## ASSIGNMENT:
The entries are to be duplicated exactly, though any picture in them must be omitted.

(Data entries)
┄┄┄┄┄┄┄┄┄┄┄┄┄┄┄┄┄┄┄┄
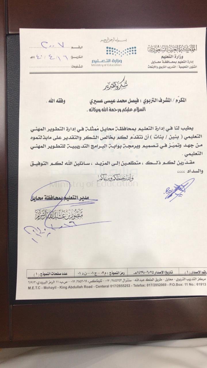 فيصل المشايخ على تويتر تعليم محايل عسير تلقينا صباح اليوم خطاب شكر وتقدير من سعادة مدير إدارة التعليم بمحايل الأستاذ منصور بن عبدالله آل شريم وذلك لتصميمنا وبرمجة بوابة البرامج التدريبية للتطوير المهني بمحايل
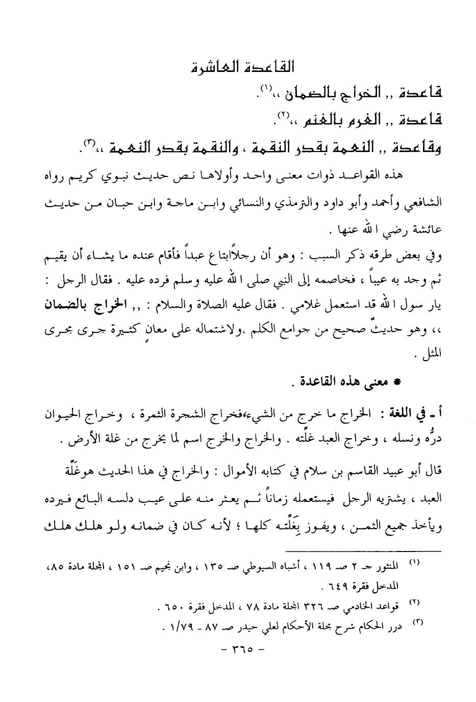 هذه القواعد ذوات معنى واحد وأولاها نص حديث نبوي كريم رواه الشافعي وأحمد وأبو داود والترمذي والنسائي وابن ماجة وابن حبان من حديث عائشة رضي الله عنها.
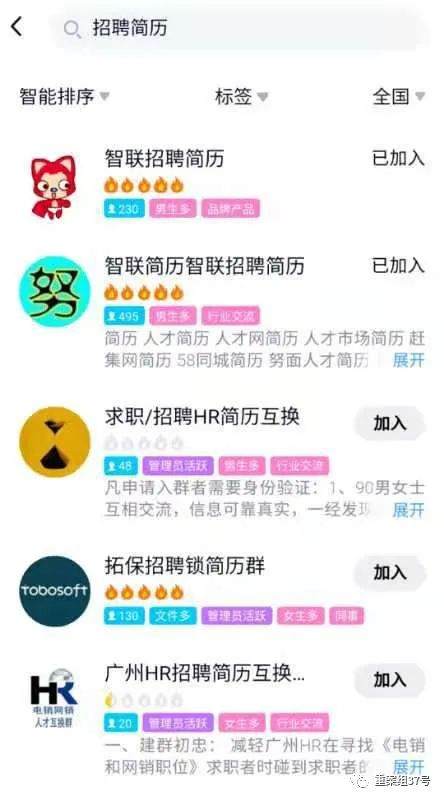 ▲使用QQ群搜索功能输入关键词“招聘简历”,便出现众多售卖求职者简历信息的群。
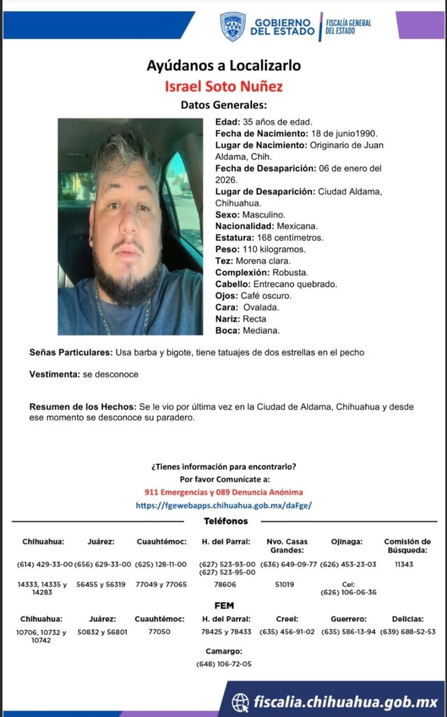 Israel Soto Núñez, de 35 años, desapareció el 6 de enero de 2026 en Ciudad Aldama, Chihuahua. Se solicita información para su localización.
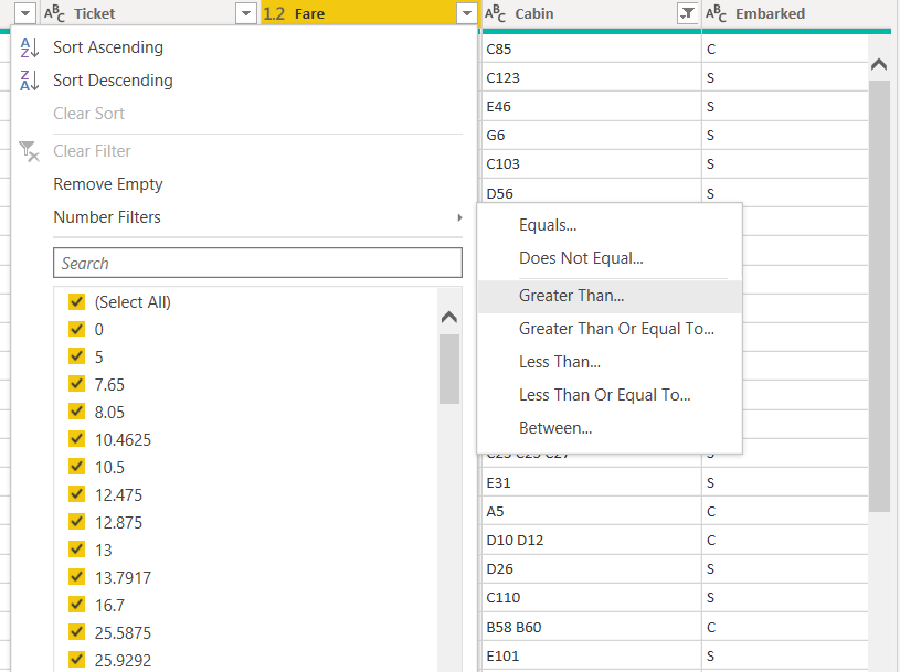 You can also remove rows based on values in a particular column. For instance, if you want to only keep the rows where the Fare column has values either greater than 40 or less than 10, you can use the Number Filter property. To do so, click on the triangle on the left of the Fare column name and then click on the “Number Filters” property. A dropdown list will pop up, select “Greater Than” from the list as shown below:
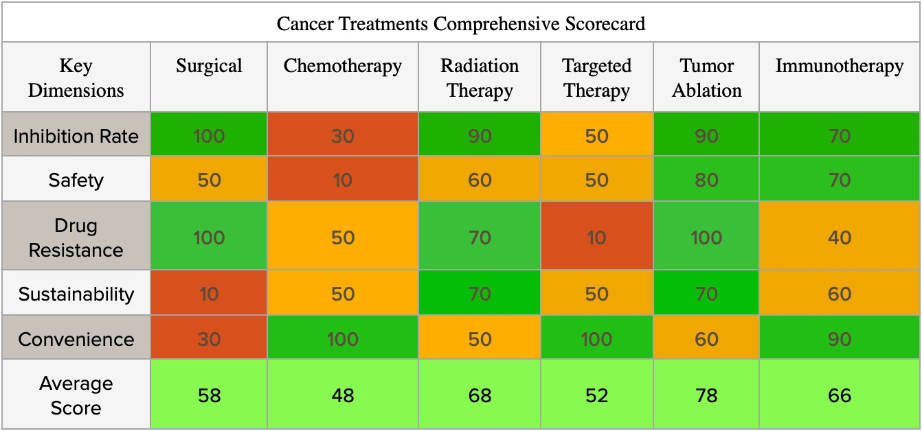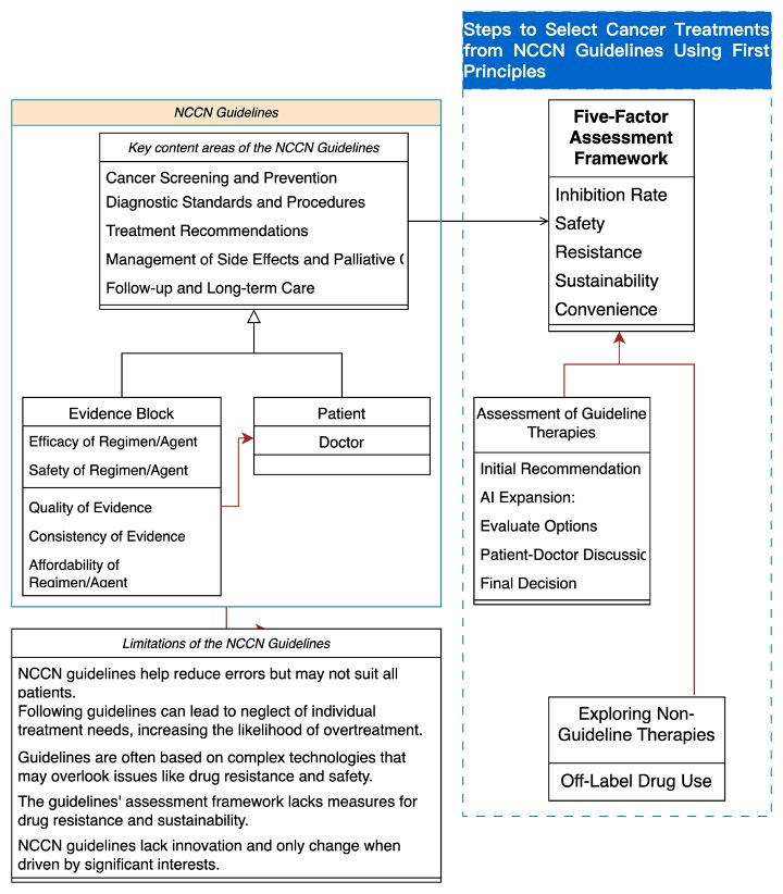 We have revolutionized the analysis model and evaluation framework for cancer treatment by adhering to core principles. Our innovation goes beyond traditional cancer treatments outlined in the NCCN guidelines, focusing on the selection process and integrating cutting-edge therapies.
┄┄┄┄┄┄┄┄┄┄┄┄┄┄┄┄┄┄┄┄
## RESULT:
 فيصل المشايخ على تويتر تعليم محايل عسير تلقينا صباح اليوم خطاب شكر وتقدير من سعادة مدير إدارة التعليم بمحايل الأستاذ منصور بن عبدالله آل شريم وذلك لتصميمنا وبرمجة بوابة البرامج التدريبية للتطوير المهني بمحايل
 هذه القواعد ذوات معنى واحد وأولاها نص حديث نبوي كريم رواه الشافعي وأحمد وأبو داود والترمذي والنسائي وابن ماجة وابن حبان من حديث عائشة رضي الله عنها.
 ▲使用QQ群搜索功能输入关键词“招聘简历”,便出现众多售卖求职者简历信息的群。
 Israel Soto Núñez, de 35 años, desapareció el 6 de enero de 2026 en Ciudad Aldama, Chihuahua. Se solicita información para su localización.
 You can also remove rows based on values in a particular column. For instance, if you want to only keep the rows where the Fare column has values either greater than 40 or less than 10, you can use the Number Filter property. To do so, click on the triangle on the left of the Fare column name and then click on the “Number Filters” property. A dropdown list will pop up, select “Greater Than” from the list as shown below:
 We have revolutionized the analysis model and evaluation framework for cancer treatment by adhering to core principles. Our innovation goes beyond traditional cancer treatments outlined in the NCCN guidelines, focusing on the selection process and integrating cutting-edge therapies.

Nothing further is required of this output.